= TASK DETAILS =
Give the data below again exactly as written, but without the pictures.

= DATA SEGMENT =
━━━━━━━━━━

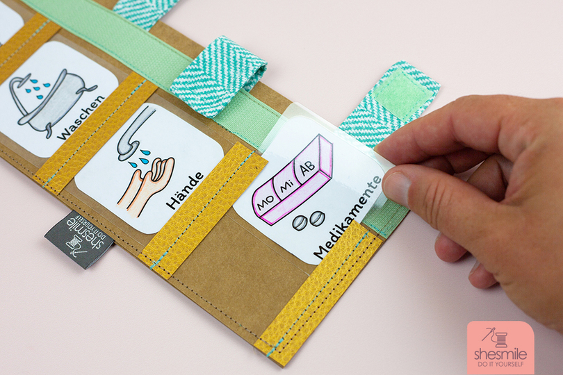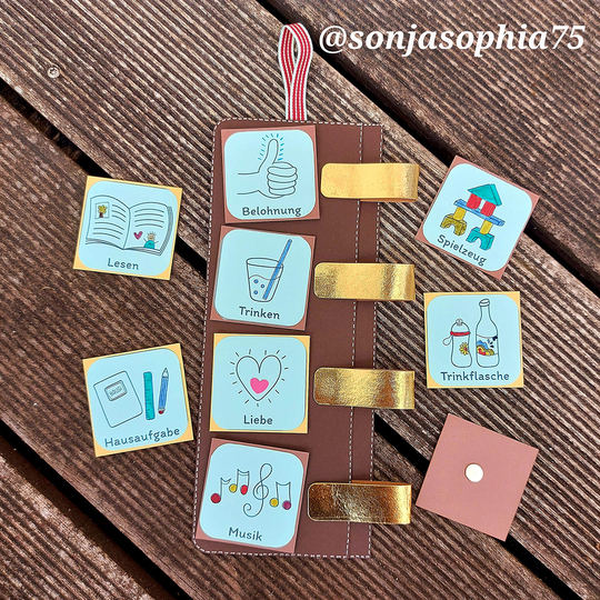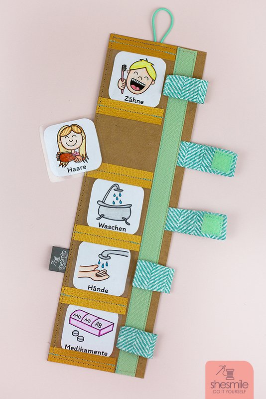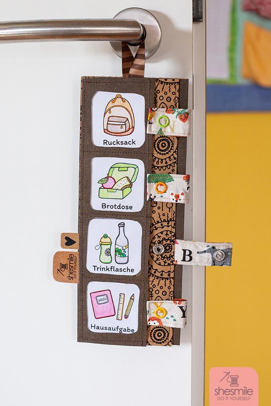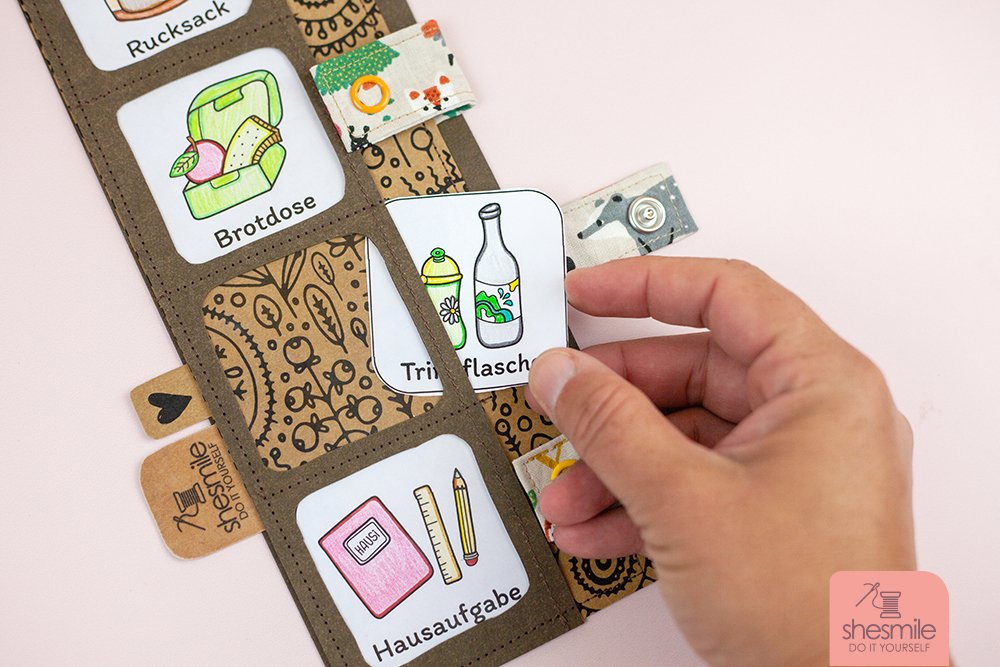 SnapPap als Untergrund. Alternativ: Leder, Kork oder Filz mit Decovil oder Schabracken Einlage S133 verstärkt. Stoffreste aus Webware für die Schlaufen. Druckknöpfe & Druckknopfzange. Alternativ: Klettverschluss. Zierband oder fester, dicker Zwirn als Aufhängung. Nähgarn in passender Farbe. Optional: Textillabel. Bunt- oder Filzstifte, Papierschere. Optional: Folie zum Abdecken um es später abwischen zu können. Alternativ: Gedruckte Fotos der Gegenstände.
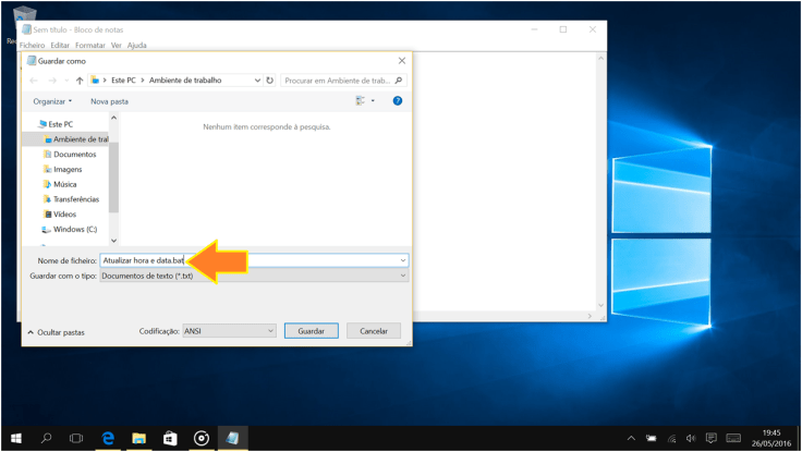 5. Escolham onde querem guardar o ficheiro e deem um nome ao ficheiro mas escrevam .bat no final do nome! Depois vamos clicar em Guardar.
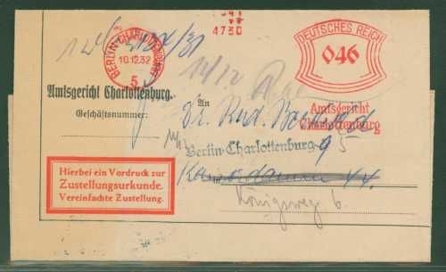 1932 Amtsgericht Charlottenburg, Freistempel 046 Pfennig, Berlin Charlottenburg 10.12.32 in rot, mit rotem Eindruck 3 Zeilen "Hierbei ein Vermerk zur / Zustellungsurkunde. / Vereinfachte Zustellung", befördert nach Berlin = Charlottenburg, rs. Siegelmarke "PREUSS. AMTSGERICHT CHARLOTTENBURG".
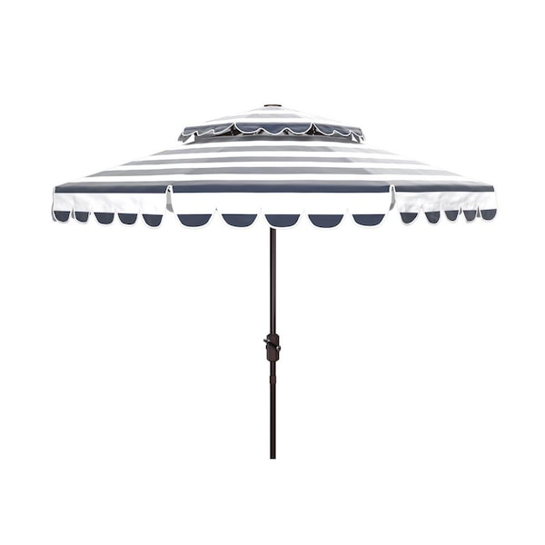 9 ft. Vienna Round Double Top Crank Umbrella, Navy & White (Discontinued)

━━━━━━━━━━

= TASK ANSWER =
 SnapPap als Untergrund. Alternativ: Leder, Kork oder Filz mit Decovil oder Schabracken Einlage S133 verstärkt. Stoffreste aus Webware für die Schlaufen. Druckknöpfe & Druckknopfzange. Alternativ: Klettverschluss. Zierband oder fester, dicker Zwirn als Aufhängung. Nähgarn in passender Farbe. Optional: Textillabel. Bunt- oder Filzstifte, Papierschere. Optional: Folie zum Abdecken um es später abwischen zu können. Alternativ: Gedruckte Fotos der Gegenstände.
 5. Escolham onde querem guardar o ficheiro e deem um nome ao ficheiro mas escrevam .bat no final do nome! Depois vamos clicar em Guardar.
 1932 Amtsgericht Charlottenburg, Freistempel 046 Pfennig, Berlin Charlottenburg 10.12.32 in rot, mit rotem Eindruck 3 Zeilen "Hierbei ein Vermerk zur / Zustellungsurkunde. / Vereinfachte Zustellung", befördert nach Berlin = Charlottenburg, rs. Siegelmarke "PREUSS. AMTSGERICHT CHARLOTTENBURG".
 9 ft. Vienna Round Double Top Crank Umbrella, Navy & White (Discontinued)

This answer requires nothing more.